No judgment structure available for this case.

IN THE HIGH COURT OF NEW ZEALAND INVERCARGILL REGISTRY

CRI-2014-425-000020 [2014] NZHC 1544

ROY ALEXANDER PERKINS

v

NEW ZEALAND POLICE

Hearing: 3 July 2014

Appearances:

D G Slater for Appellant
E L Higbee for Crown

Judgment:

3 July 2014

JUDGMENT OF DUNNINGHAM J

[1]      This is an appeal against sentence, asserting that the sentence imposed was manifestly excessive.

[2]      On 30 May 2014, the appellant, Mr Perkins, was sentenced to 33 months imprisonment on charges relating to three incidents.  The appellant submits that, had a proper approach been taken, a sentence of around two years imprisonment would have sufficiently marked the totality of the appellant’s offending.

The charges

[3]      The sentence relates to incidents occurring on three separate dates.

[4]      On 3 August 2013 the appellant, along with three others, invaded the victims’ home at about 9.45 pm.  A text message had been sent by a co-offender threatening their arrival.  The appellant and his co-offenders barged into the house and began

assaulting  the  occupants  of  the  house.    The  summary of  facts  records  that  the

PERKINS v NEW ZEALAND POLICE [2014] NZHC 1544 [3 July 2014]

appellant punched one victim in the jaw, another victim about the head and upper body at least ten times, and a third victim in the left side of the face with a haymaker type punch causing a cut to his temple.

[5]      The appellant and his co-offenders also inflicted significant property damage on the house, with the total cost to repair the damage being $9,456.04.

[6]      As a consequence of this event the appellant was charged with injuring with intent to injure, burglary and intentional damage.

[7]      The second incident occurred on 15 November 2013 when the appellant, while on bail, was apprehended for drink driving.  His evidential breath test resulted in a recording of 616 micrograms of alcohol per litre of breath.

[8]      When he was placed in a police cell he damaged the cell by burning his name into the ceiling.

[9]      The third incident occurred on 8 March 2014, when, at around 3.00 a.m., the appellant arrived at the house of people he had been drinking with earlier.   An argument developed between the appellant and the victim, and he then assaulted the victim, threatened to kill him and threw rocks at the victim’s house breaking the window.

District Court Judge’s decision

[10]     After reciting the factual background above in some detail, and noting the appellant’s  previous  convictions  for  burglary  and  violent  offending,  and  for breaching Court ordered sentences, and failing to answer bail, the Judge addressed the usual sentencing principles.  He took into account that the August offending was premeditated and serious violent offending, the November offending occurred while he was on bail and in breach of his bail conditions, and the March offending had parallels with the August offending in that it was “an unprovoked attack, an attack to the head and there were threats to kill”.  He also records that Mr Perkins was still on bail at the time of that offending.

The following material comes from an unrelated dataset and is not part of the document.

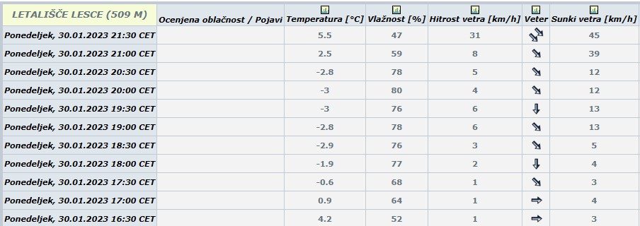 Trenutno vreme (1. 1. 2023 - 31. 1. 2023)

[11]     The Judge then undertook a relatively detailed sentencing calculation and arrived at the end sentence by taking the following steps:

(a)     for the offending on 3 August 2013 (injuring with intent to injure/burglary/intentional damage), he began with a starting point of

30 months imprisonment, consistent with the starting point for the

appellant’s co-offenders;

(b)an uplift was added for the November 2013 intentional damage and excess breath alcohol of one month;

(c)      a further uplift was added for the March 2014 offending (threatening to kill/assault and intentional damage) of 12 months;

(d)a further uplift of four months imprisonment was added for personal aggravating features of offending while on bail and previous convictions for violence and burglary.   This gave a total starting sentence of 47 months imprisonment.

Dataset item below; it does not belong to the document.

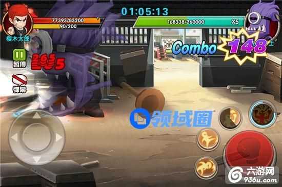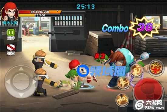 进入关卡后,第一看见的不是小怪,而是第一个小BOSS,别小看这妹子哦,如果你上来没有准备好,和她走的是同一条直线就有可能被她的飞镖打中,伤害还不低,所以要格外小心,在打小BOSS的同时,要注意右侧出来的小怪,个个手上是拿着篮球来砸你的哦,最好的办法就是运用走位,从旁边绕到小怪身后,将小 怪和小BOSS集中在一起,然后一套连击将他们击败,击败后我们顺势来到了第二波。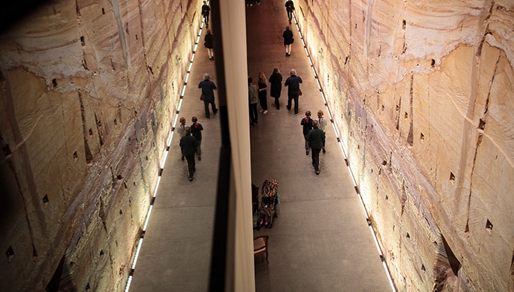 Did you know most of Hobart’s world-renowned museum of old and new art is underground? Descend into Mona via the spiral staircase or glass elevator and discover this vast labyrinth carved out of Triassic sandstone. With golden, natural patterning and marks left by heavy cutting machinery, this raw rock forms the monumental walls of gallery spaces and the epic Void Bar. What better place to savour Tasmanian whisky on the rocks than 17 metres underground?

(e)      from that figure a period of three months was deducted to reflect the totality of the offending.   This gave an “adjusted and final starting point” of 44 months imprisonment;

(f)      from that, while noting there was no remorse, a reduction of 5 per cent was  allowed  for  the  possibility  of  reparation  and  willingness  to address  underlying problems,  and  a 20  per cent  reduction  for his guilty pleas was adopted, noting it was some five to six months later that he pleaded guilty to the August offences;

(g)this 25 per cent reduction resulted in a sentence of 33 months imprisonment.

Appellant’s submissions

[12]     The appellant raised four arguments on appeal:

(a)      the starting point of nearly four years imprisonment was too high for the totality offending;

(b)consequently the three month reduction to reflect the totality principle was too little in the circumstances;

(c)      the characterisation by the Judge of the 8 March 2014 offending as a second  home  invasion  was  contrary  to  the  summary  of  facts. Similarly the reference to the March offending as having “paralleled the offending in August” was in error.   Because of this, the Judge applied an unjustified aggravating aspect to the March offending, and thus the 12 month uplift for the March offending was too great.

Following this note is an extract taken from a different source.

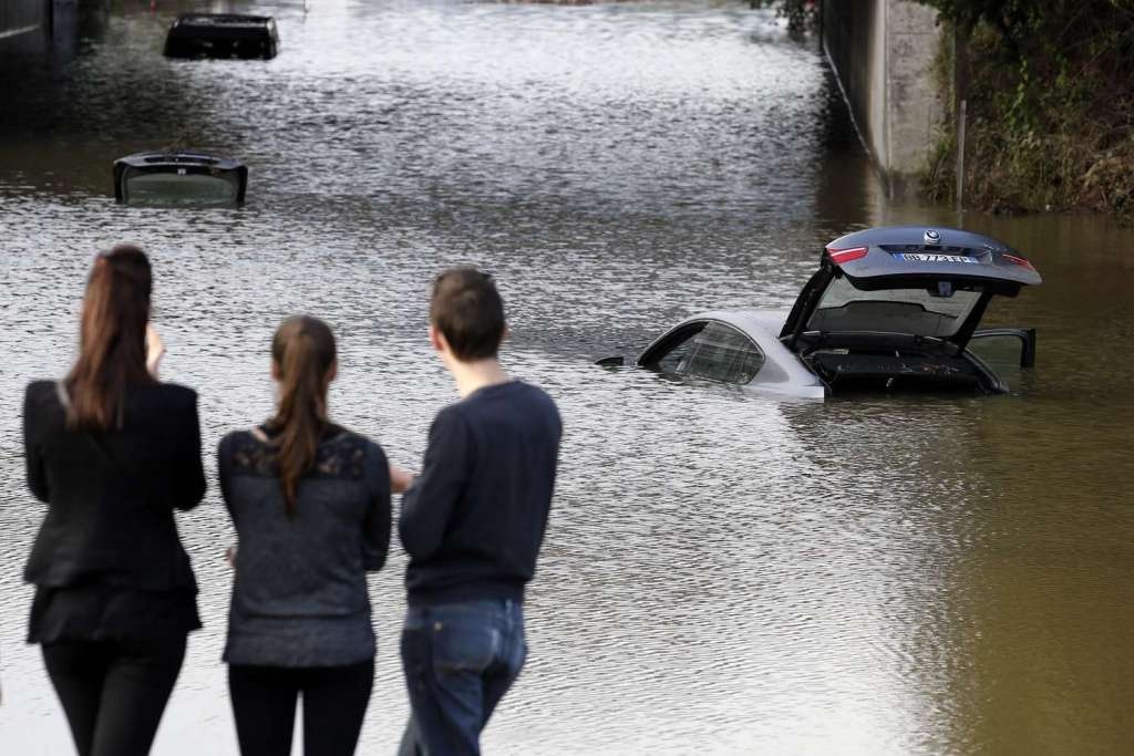 Nước ngập gần tới nóc xe. Tổng thống Pháp Francois Hollande hôm 4/10 đích thân thị sát các khu vực ngập nặng và ban bố tình trạng “thảm họa tự nhiên” quốc gia sau trận lụt. Ảnh: EPA |

(d)The guilty plea credit was insufficient as the appellant submits that “there was no delay in pleading once the appropriate charges were before the Court”.

[13]     The appellant proposes that an overall starting point of three years would have been appropriate and, with credits of 5 per cent for reparation and 25 per cent for  a  guilty plea,  would  have  resulted  in  a  sentence  of  a  little  over two  years imprisonment.

Discussion

Was the starting point too high?

[14]     The  starting  point  was  a  combination  of  the  sentences  imposed  for  the offending  on  three  separate  occasions,  with  an  uplift  for  personal  aggravating factors.  That invites an investigation of the sentence imposed for the lead offending, and of the uplifts imposed for the subsequent offending.

[15]     No issue has been taken with the four month uplift for personal aggravating features and I am satisfied that such an uplift was justified.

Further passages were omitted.